DRAFT Tax Credit Bill from Senator Bennet (D-CO) which includes two parts:

    • Quantification Credit: Establishes a 30 percent tax credit for the cost of quantifying baseline and annual carbon sequestration levels for agriculture, rangeland, forest, and wetlands.
    • Outcomes Credit: Creates a dollar per ton tax credit based on the amount of carbon sequestered. The amount of the credit is tied to the funding levels for carbon capture and storage in the 45Q tax credit for carbon sequestration and utilization from industrial sources
  • 45Q tax credit provides a tax credit on a per-ton basis for CO2 that is sequestered. Updated by the Bipartisan Budget Act of 2018, the 45Q tax credit provides an incentive of $50 per metric ton for CO2 geologic storage and $35 per metric ton for CO2 used for enhanced oil recovery (EOR) or enhanced natural gas recovery (EGR) by 2026. The party eligible to claim the tax credit is the owner of the capture equipment. That party must physically or contractually ensure the storage or utilization of the CO2 or CO and may elect to transfer the credit to another party that stores or puts the CO2 or CO to beneficial use.
  • VA Land Preservation Tax Credit: Virginia allows an income tax credit for 40 percent of the value of donated land or conservation easements. Taxpayers may use up to $20,000 per year through 2020 and $50,000 per year in subsequent tax years. Tax credits may be carried forward for up to 13 years. Unused credits may be sold, allowing individuals with little or no Virginia income tax burden to take advantage of this benefit. The transferability feature of Virginia’s tax credit program is especially valuable to landowners with little or no state income tax liability, enabling them to sell their tax credits for income. Responsibilities for oversight of the LPTC program are shared by the Virginia Department of Taxation (TAX) and the Virginia Department of Conservation and Recreation (DCR).

Remove the Cap on the Reforestation Trust Fund

Background:

America’s national forests are facing significant challenges from a changing climate.

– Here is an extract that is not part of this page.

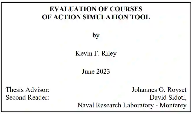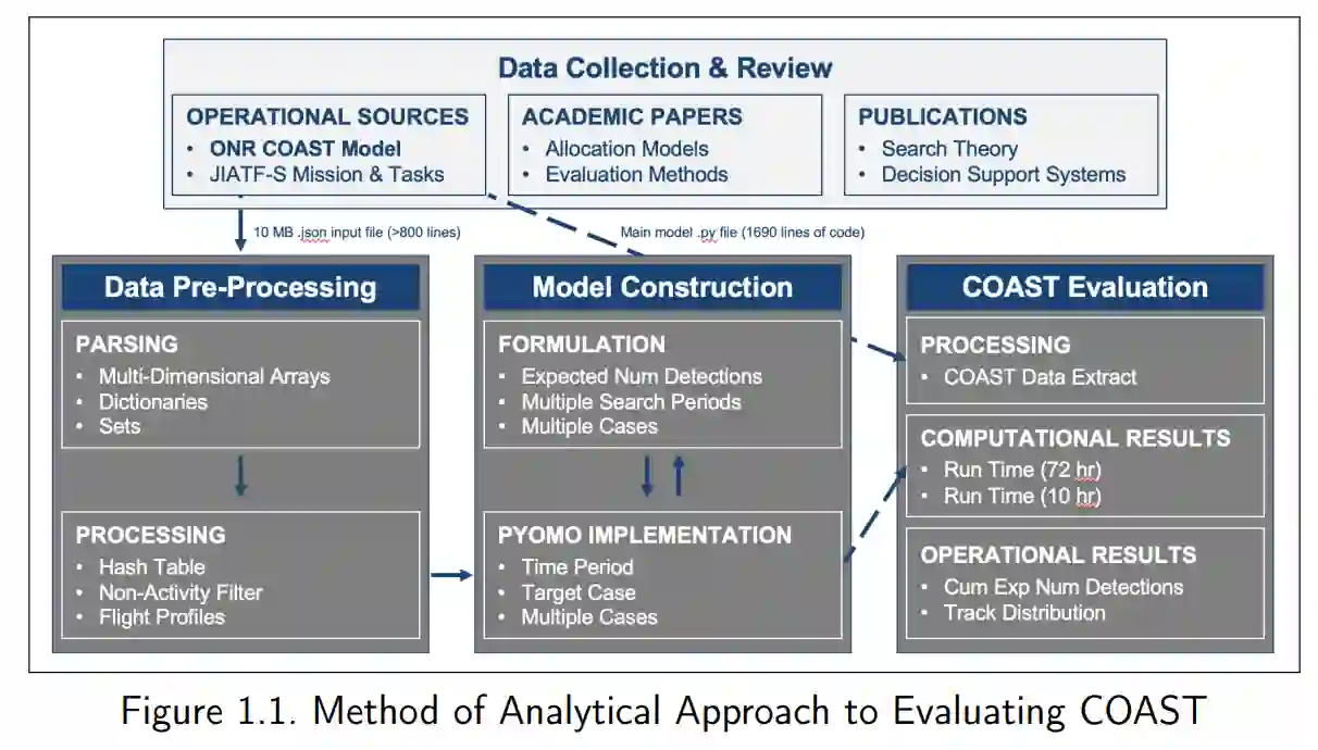 本论文是与美国海军研究实验室(U.S. Naval Research Laboratory)密切合作完成的,该实验室是美国海军的企业研究实验室,也是海军研究办公室下属的主要研发部门。NRL 对 SAP 的回应是行动方案模拟工具 (COAST),这是一个建模框架,可解决众多规划因素和决策支持系统,从而提高规划人员分配资源的能力。COAST 使用启发式方法来决定将哪些单元分配给搜索飞机。我们提供了一个用于评估 COAST 建议质量的验证工具。

While it is federal policy that national forests must be reforested after severe wildfires and other catastrophic events, the US Forest Service has been unable to meet this goal for decades. Up to 7.7 million acres of our National Forests are in need of reforestation, with over 1.3 million in need of immediate attention. The recent increase in severe forest fires has significantly increased the acres of National Forests in need of reforestation. Reforesting National Forests will yield significant climate mitigation benefits by sequestering carbon in growing trees. In fact, if reforested our National Forests could sequester 6,078,815 tons of C02 equivalent annually.

Congress established the Reforestation Trust Fund (RTF) in 1980 to reforest the National Forest System after wildfire and other disturbances, but USFS access is capped at $30 million per year by the original authorizing legislation. The RTF is funded by existing tariffs collected on a discrete set of timber and wood products. These tariffs now regularly exceed $100 million annually, with a recent high of $178 million. Removing the RTF cap would allow USFS full access to these collected tariffs, which would significantly increase annual funding available to USFS for reforesting national forests. For every $1 million invested in reforestation, an estimated 39.7 jobs are created. Further, the RTF is currently matched at a 3:2 ratio by other funding sources, which would increase the impact of eliminating the cap.

Proposed Legislation:

The REPLANT Act will maintain and expand national forest cover by eliminating the cap on the Reforestation Trust Fund (RTF) which would significantly increase USFS resources to reforest national forests in need as well as address future needs. It would achieve this goal by removing the cap on the RTF and requiring the USFS to address the 1.3 million acre reforestation backlog within 10 years while ensuring best forestry practices.